Artsakh Human Rights Defender Gegham Stepanyan expects concrete actions from the international community, particularly from the UN regarding the Azerbaijani blockade of Artsakh.
He said that there are 1100 people stranded who are unable to either return to Armenia from Artsakh or from Armenia to Artsakh. This number includes 270 children. Schools in Artsakh are shut down amid gas supply cut-off.
Speaking about the UN, he said: “It is the third day and the international organization which was created for human rights and peace in the world hasn’t given any reaction or assessment.”
Geghamyan was participating in the 4th Global Forum Against the Crime of Genocide in Yerevan and notified UN officials in private conversations on the situation in Artsakh. He says that not getting a reaction from the UN is regrettable but he hopes that this mistake will soon be corrected.

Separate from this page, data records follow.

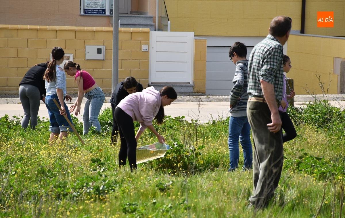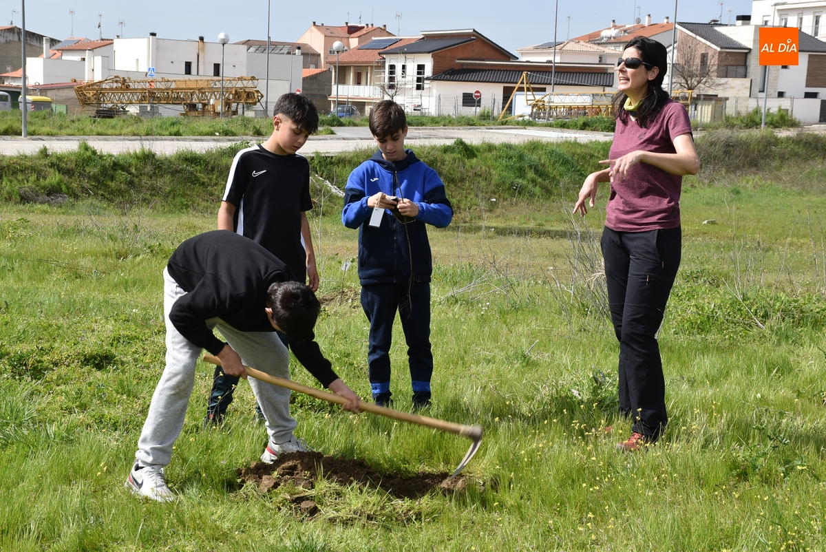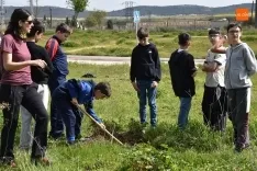 Los alumnos realizaron el proceso completo de plantación, empezando por cavar la tierra para abrir los huecos oportunos para ir introduciendo los plantones, que acabaron regando aprovechando una acumulación de agua en las inmediaciones producto de las últimas lluvias. En cada uno de los plantones ha sido situada una etiqueta identificativa de quién la ha plantado.
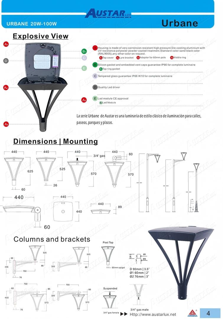 The classic urban lighting [https://www.chinaaustar.com/products/luminarias-urbanas-eclairage-dambiance/] lantern with advanced technology.
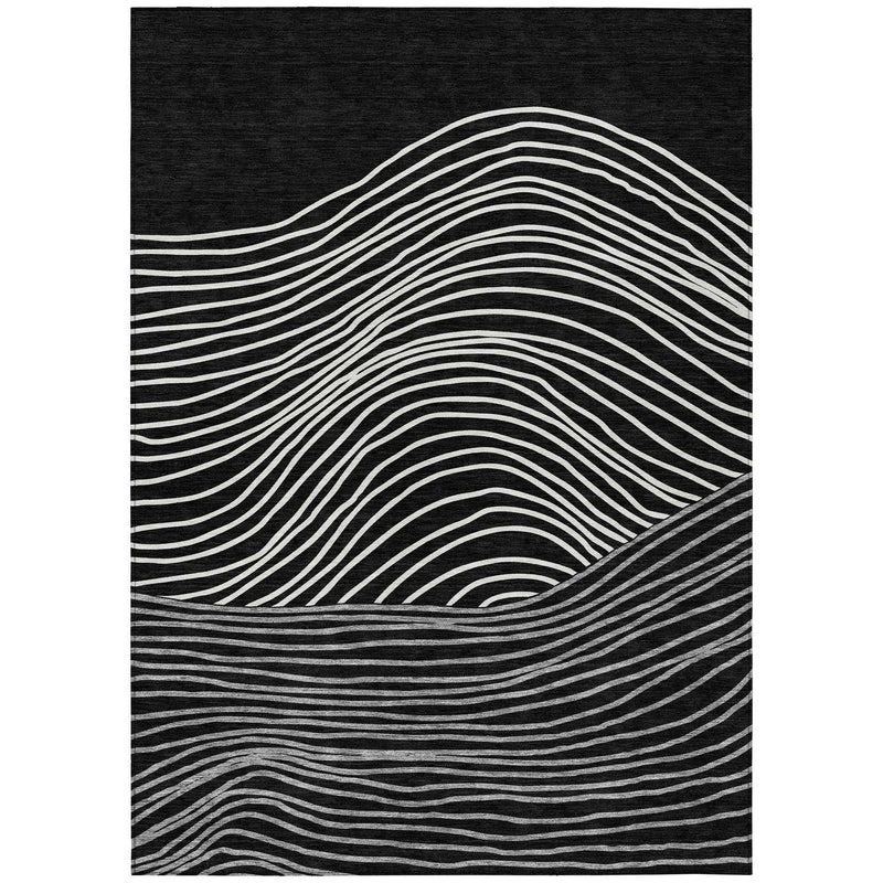 10' X 14' Black Ivory And Gray Striped Washable Indoor Outdoor Area Rug
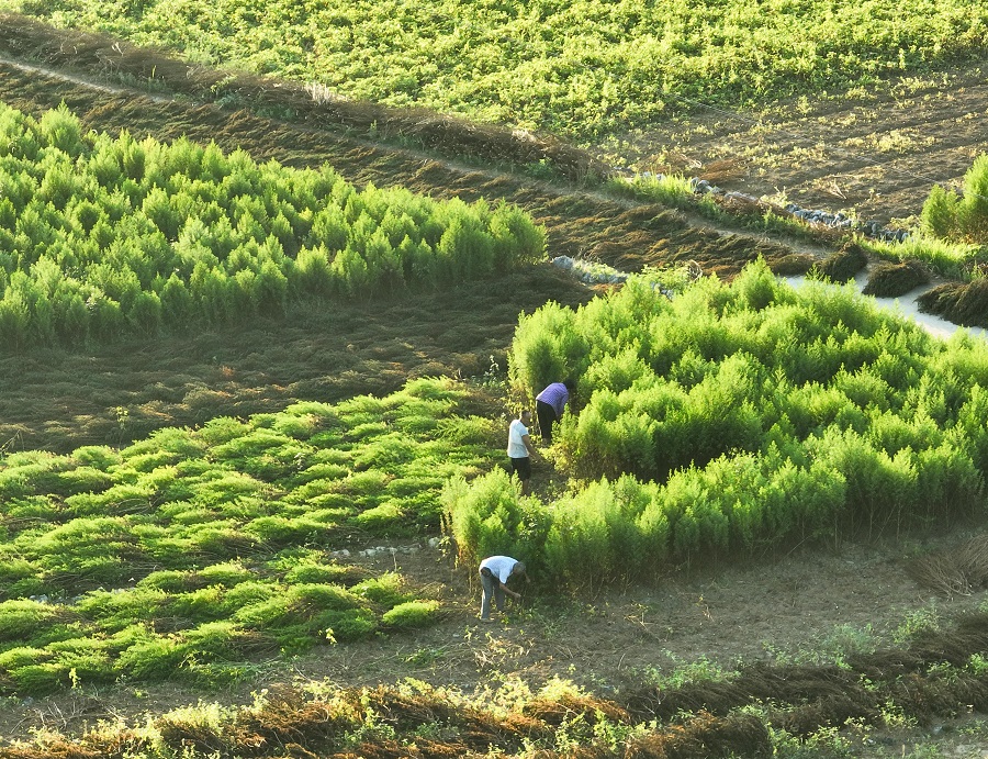 7月27日,道县乐福堂镇清塘坪村,村民在收割青蒿。时下,当地青蒿已进入收割期,村民抢抓农时收割、晾晒。近年,该县采取“公司+合作社+农户”的利益联结机制,带动全县3000户村民积极发展青蒿产业,实现增收致富。蒋克青 王一名 摄影报道

“Of course calls are also important and have restraining significance, but this time concrete actions must be done. There is an opinion, a claim, that after all for the guarantee of the right to life of the people of Artsakh the UN must utilize international instruments, be it by providing an international mandate to the peacekeepers or opening various UN agencies in Stepanakert. After all, there is a place on Earth called Nagorno Karabakh, where people live, and these people have rights, and the international community must ensure the exercise of this right,” he said.
He said that those responsible for the situation are the parties who signed the trilateral statement who are guarantors for people to return and live in Artsakh. But leaving the responsibility only on the signatories of the statement is not right because international law has the principle of the responsibility to protect which implies that if a nation is facing the threat of genocide or ethnic cleansing the international community has to interfere.